TASK TO CARRY OUT: In the entries below, find the line with "Introducing CS Pro" and the line with "Decoupage Tissue Paper"; copy them and every line between them exactly, but not the pictures.

SUPPLIED ENTRIES:
★ ★ ★ ★ ★ ★ ★

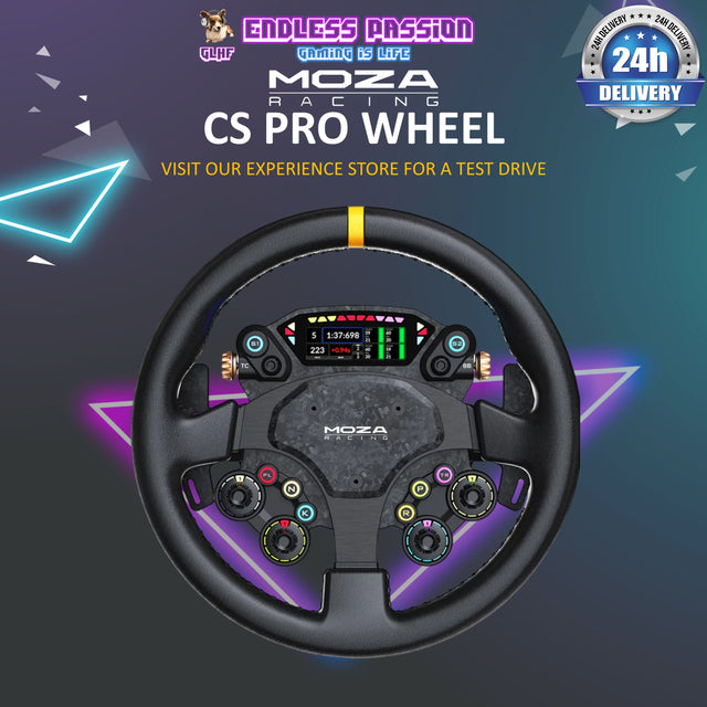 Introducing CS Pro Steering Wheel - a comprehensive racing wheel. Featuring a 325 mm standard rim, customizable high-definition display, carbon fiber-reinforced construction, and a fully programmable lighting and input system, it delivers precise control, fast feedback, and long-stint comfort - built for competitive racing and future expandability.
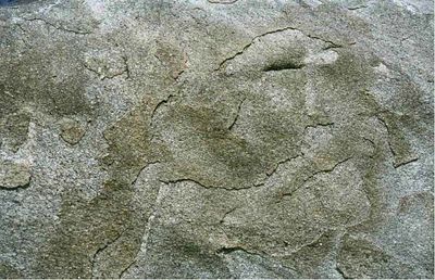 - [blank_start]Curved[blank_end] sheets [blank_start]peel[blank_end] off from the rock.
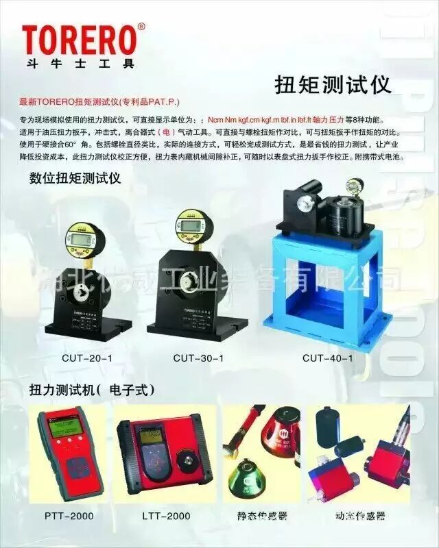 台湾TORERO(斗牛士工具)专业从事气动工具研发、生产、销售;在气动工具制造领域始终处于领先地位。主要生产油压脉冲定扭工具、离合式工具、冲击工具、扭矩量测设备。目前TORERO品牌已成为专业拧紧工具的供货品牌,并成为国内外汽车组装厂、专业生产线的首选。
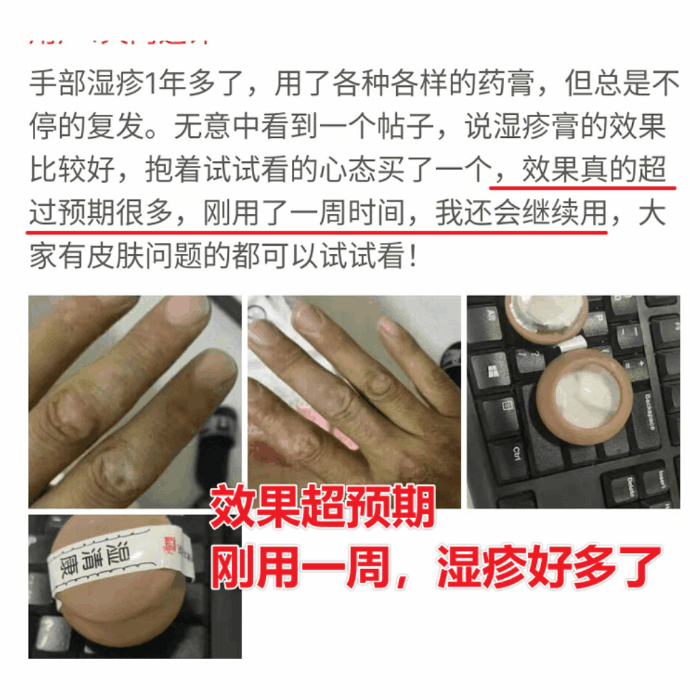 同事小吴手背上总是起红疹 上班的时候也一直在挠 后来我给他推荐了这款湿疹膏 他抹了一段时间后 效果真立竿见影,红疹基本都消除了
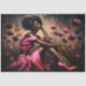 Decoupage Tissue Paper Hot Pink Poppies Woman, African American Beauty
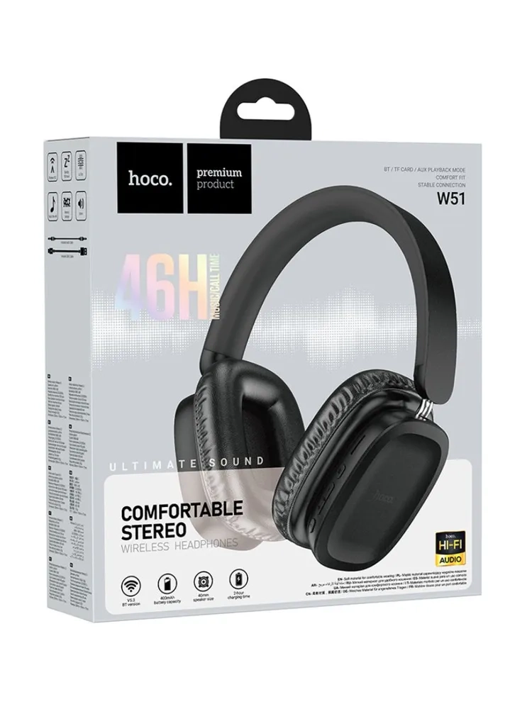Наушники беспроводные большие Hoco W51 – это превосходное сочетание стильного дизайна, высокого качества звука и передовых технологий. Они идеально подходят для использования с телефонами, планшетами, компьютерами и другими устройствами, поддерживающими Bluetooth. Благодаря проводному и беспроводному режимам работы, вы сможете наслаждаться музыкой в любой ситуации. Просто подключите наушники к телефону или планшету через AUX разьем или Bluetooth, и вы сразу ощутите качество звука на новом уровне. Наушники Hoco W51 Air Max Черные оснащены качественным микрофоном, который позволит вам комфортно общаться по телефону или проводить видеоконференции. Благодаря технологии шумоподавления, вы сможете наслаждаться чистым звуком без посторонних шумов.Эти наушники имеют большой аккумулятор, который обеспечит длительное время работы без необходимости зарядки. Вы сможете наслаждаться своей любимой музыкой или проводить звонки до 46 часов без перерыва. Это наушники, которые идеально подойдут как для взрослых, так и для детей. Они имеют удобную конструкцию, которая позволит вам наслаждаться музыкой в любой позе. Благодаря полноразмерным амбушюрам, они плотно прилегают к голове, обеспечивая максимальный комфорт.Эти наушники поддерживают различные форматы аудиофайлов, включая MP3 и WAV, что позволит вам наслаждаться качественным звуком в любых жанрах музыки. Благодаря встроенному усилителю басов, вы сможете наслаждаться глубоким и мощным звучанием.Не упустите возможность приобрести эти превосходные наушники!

★ ★ ★ ★ ★ ★ ★

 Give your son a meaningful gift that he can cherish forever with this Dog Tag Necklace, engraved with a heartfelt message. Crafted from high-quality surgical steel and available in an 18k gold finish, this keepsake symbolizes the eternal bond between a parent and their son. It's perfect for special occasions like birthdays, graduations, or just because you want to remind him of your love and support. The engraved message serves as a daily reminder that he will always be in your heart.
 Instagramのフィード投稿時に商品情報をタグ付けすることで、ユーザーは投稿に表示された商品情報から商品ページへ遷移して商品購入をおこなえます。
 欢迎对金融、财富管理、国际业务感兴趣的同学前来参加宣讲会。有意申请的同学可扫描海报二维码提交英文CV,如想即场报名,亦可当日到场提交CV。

★ ★ ★ ★ ★ ★ ★

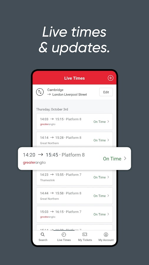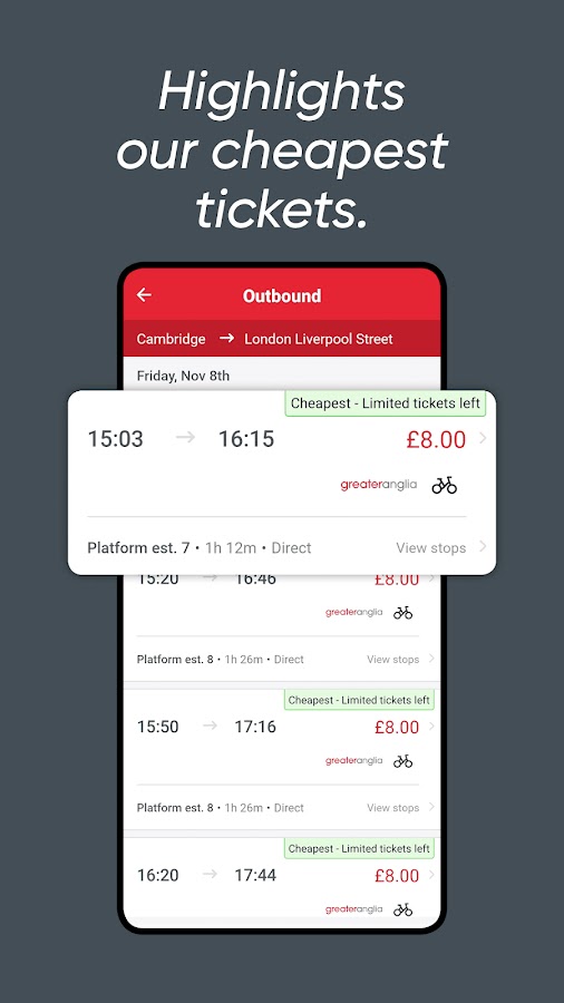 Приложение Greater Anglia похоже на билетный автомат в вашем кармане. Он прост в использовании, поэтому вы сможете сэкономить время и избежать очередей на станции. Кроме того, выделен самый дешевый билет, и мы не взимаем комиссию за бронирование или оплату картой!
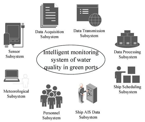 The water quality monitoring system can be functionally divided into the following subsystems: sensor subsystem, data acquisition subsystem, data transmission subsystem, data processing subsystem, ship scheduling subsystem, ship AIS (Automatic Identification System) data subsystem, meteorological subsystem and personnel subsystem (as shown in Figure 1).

★ ★ ★ ★ ★ ★ ★

WRITTEN ANSWER:
 Introducing CS Pro Steering Wheel - a comprehensive racing wheel. Featuring a 325 mm standard rim, customizable high-definition display, carbon fiber-reinforced construction, and a fully programmable lighting and input system, it delivers precise control, fast feedback, and long-stint comfort - built for competitive racing and future expandability.
 - [blank_start]Curved[blank_end] sheets [blank_start]peel[blank_end] off from the rock.
 台湾TORERO(斗牛士工具)专业从事气动工具研发、生产、销售;在气动工具制造领域始终处于领先地位。主要生产油压脉冲定扭工具、离合式工具、冲击工具、扭矩量测设备。目前TORERO品牌已成为专业拧紧工具的供货品牌,并成为国内外汽车组装厂、专业生产线的首选。
 同事小吴手背上总是起红疹 上班的时候也一直在挠 后来我给他推荐了这款湿疹膏 他抹了一段时间后 效果真立竿见影,红疹基本都消除了
 Decoupage Tissue Paper Hot Pink Poppies Woman, African American Beauty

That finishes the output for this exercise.